All opinions expressed on this blog are my own, and do not necessarily reflect those of my employer, the government or any other entity.

Tuesday, January 21, 2014

Bonds - A Worthwhile Investment?


Should you invest in bonds? Short answer: not right now. Long answer: bonds seems attractive. Bonds issued by a government, or a high-quality, well-performing corporation are quite secure and provide guaranteed cash flow. However, bond prices (their value) falls when interest rates rise. Why, you ask? Because if you own a bond that pays 3% interest, then rates rise to 4%, people will not want to buy your bond at face value (the amount you paid for it when it was issued) because they can now get new bonds that pay higher interest. If you invested $100 in a bond at 3% interest, you get $3 per year. New bonds now pay $4 per year interest on that same $100 investment. So, in order to get people to buy your bond (assuming you want to sell it), you have to sell it at a discount. In this example, you'd have to sell it for $75 ( 3/75 = 4%), since at that price level, investors would be getting the same 4% return as if they'd bought one of the new bonds. And as we're currently in an environment where interest rates are at an all-time low, they can only go up. So bonds can only perform worse than they have been lately.

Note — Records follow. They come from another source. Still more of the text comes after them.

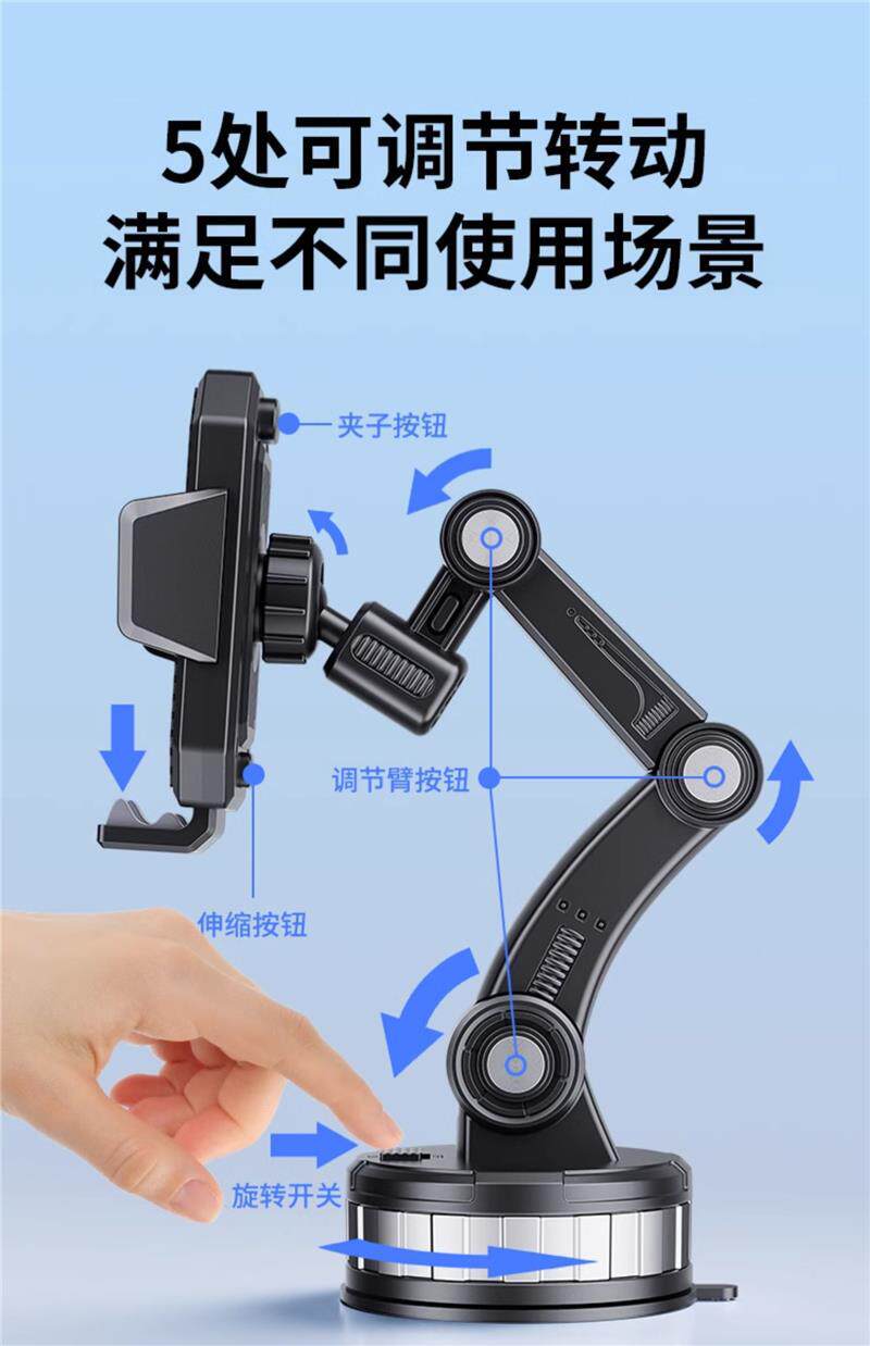 【标准吸力款】德系精工机械臂☆【黑色】360度旋转/可水洗/50倍防抖/车载手机支架
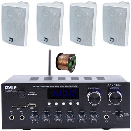 Pyle In-Dash Marine Boat AM/FM USB AUX Radio Headunit Receiver Bundle Combo With 4 X 6.5'' 2-Way White Audio Speakers, 4-Channel Waterproof Amplifier, Radio Shield, Speaker Wire, Antenna
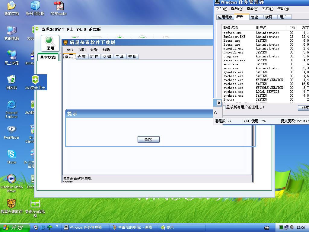 1.重装C盘N次,用升级后正版瑞星全盘杀毒无效.
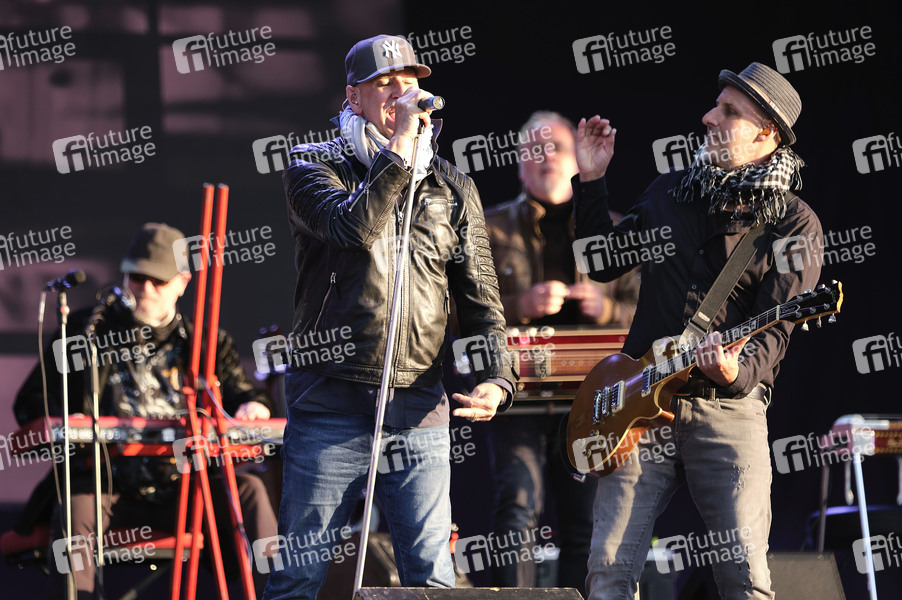 Kai Wingenfelder und Thorsten Wingenfelder von Fury in the Slaughterhouse live beim Autokultur-Konzert auf dem Schützenplatz. Die Besucher verfolgen unter Berücksichtigung klarer Hygiene-Vorschriften während der Corona-Krise den Auftritt aus dem Auto. Hannover, 14.05.2020

All this being said, bonds can be used to stabilize a portfolio. Assuming you hold a bond to maturity, you have a (nearly) guaranteed set of cash flows and principal. You may only get 3% interest on it, but you're sure to get this 3% per year and recoup your investment when the bond matures (assuming its a government bond or high-quality corporate bond). Less risk = less investment return.

I personally wouldn't be investing in bonds right now, unless you can get a high-quality bond that pays 5% or more per year, and you intend to hold it until it matures.